Chinese novelist (born 1947)

Xiao Fuxing (肖复兴 (肖復興, Xiāo Fùxīng); born 1947) is a Chinese novelist. He is now the associate editor for People's Literature.

==Biography==
Xiao was born in Beijing in 1947, with his ancestral home in Cangzhou, Hebei. His father was an office clerk and his family had 6 members.

When he was a junior graduate student, his composition A Portray (一幅画像) won first prize in the Beijing Youth Session Competition.

From 1971 to 1974, during the Cultural Revolution, Xiao worked in Qixing Farm (七星农场) as a farmer. In 1974, Xiao returned to Beijing taught in a school. Xiao was admitted into the Central Academy of Drama in 1978 and taught there after he graduated.

In 1983, Xiao joined the China Writers Association.

From 1988 to 2000, Xiao published the novels The Puppy Love (早恋), A Female Middle School Student's Diary (一个女中学生的日记) and The Youth Sonata (青春奏鸣曲).

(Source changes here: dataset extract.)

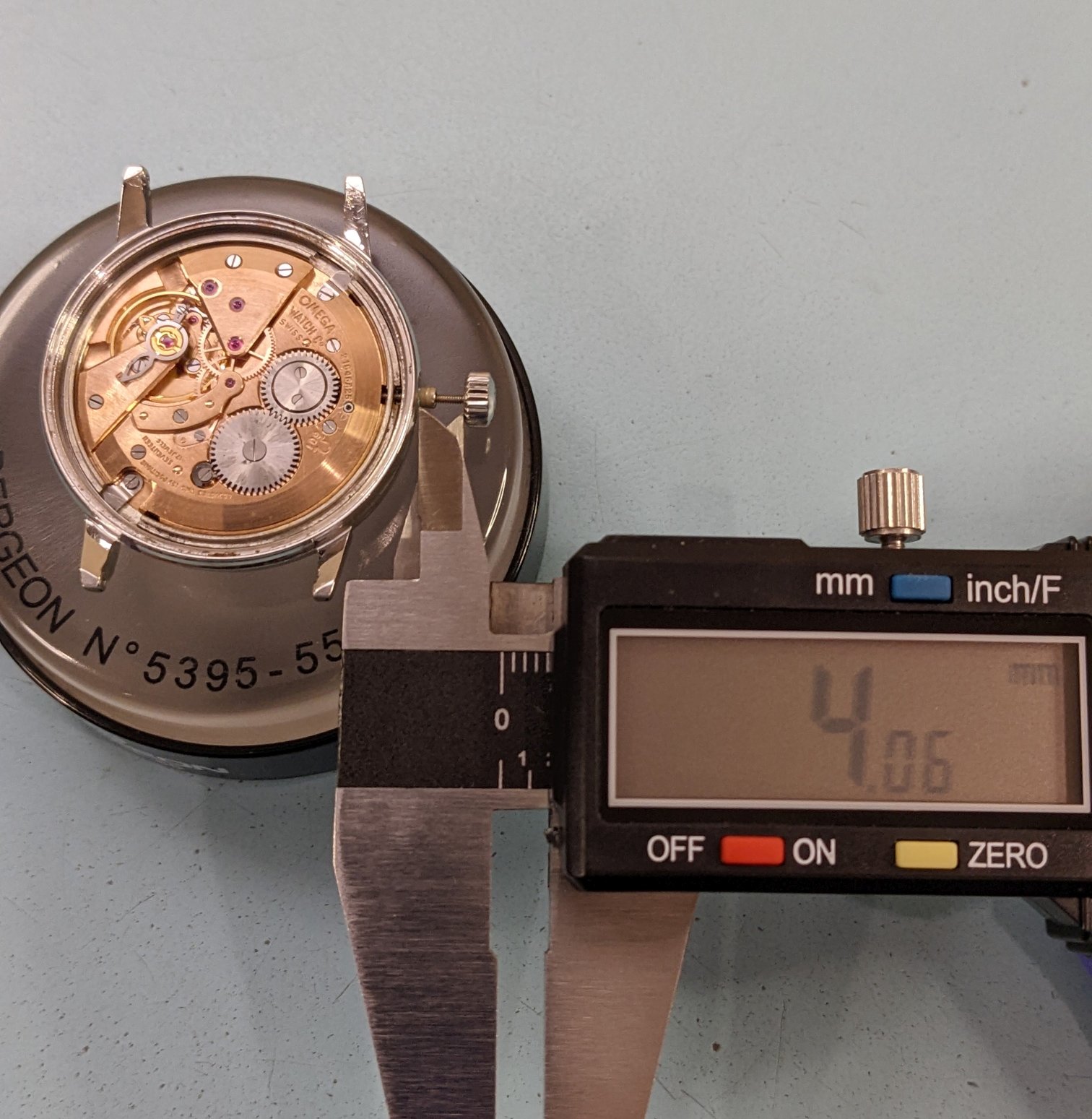 Gauging how much the stem needs to be shortened by in order for the inside of the crown to fit flush against the case.

In 2006, Xiao published his novels My Youth Memoirs (黑白记忆：我的青春回忆录).

==Works==

===Long-gestating novels===
- The Puppy Love (早恋)
- A Female Middle School Student's Diary
- The Youth Sonata (青春奏鸣曲)
- The story of Beijing (京城旧事)

===Reportage===
- Talking to the Middle Student (和当代中学生对话)
- Writing Letters to Middle Student (和当代中学生写信)
- Mr.Ye (叶圣陶先生)
- A Small House on The Coast of Ocean (海边的一间小屋)
- Being The Hero (生当作人杰)
- Tongfei Sketch (《童非素描》)

===Prose and essay===
- My Note (我的读书笔记)
- The Note of Music (音乐笔记)
- Thinking of Qin E (忆秦娥)

==Awards==
- The story of Beijing – Shanghai Literary Award
- The Note of Music – 1st Bing Xin Prose Prize
- A Small House on The Coast of Ocean – 2nd National Excellent Reportage Literary Award
- Being The Hero – 3rd National Excellent Reportage Literary Award
- Thinking of Qin E – 3rd Lao She Literary Prize for Prose
- Tongfei Sketch – 1st National Reportage Literary First Prize

==Personal life==
Xiao's son, Xiao Tie (肖铁), is a member of China Writers Association, who was a Peking University student, studying in the United States.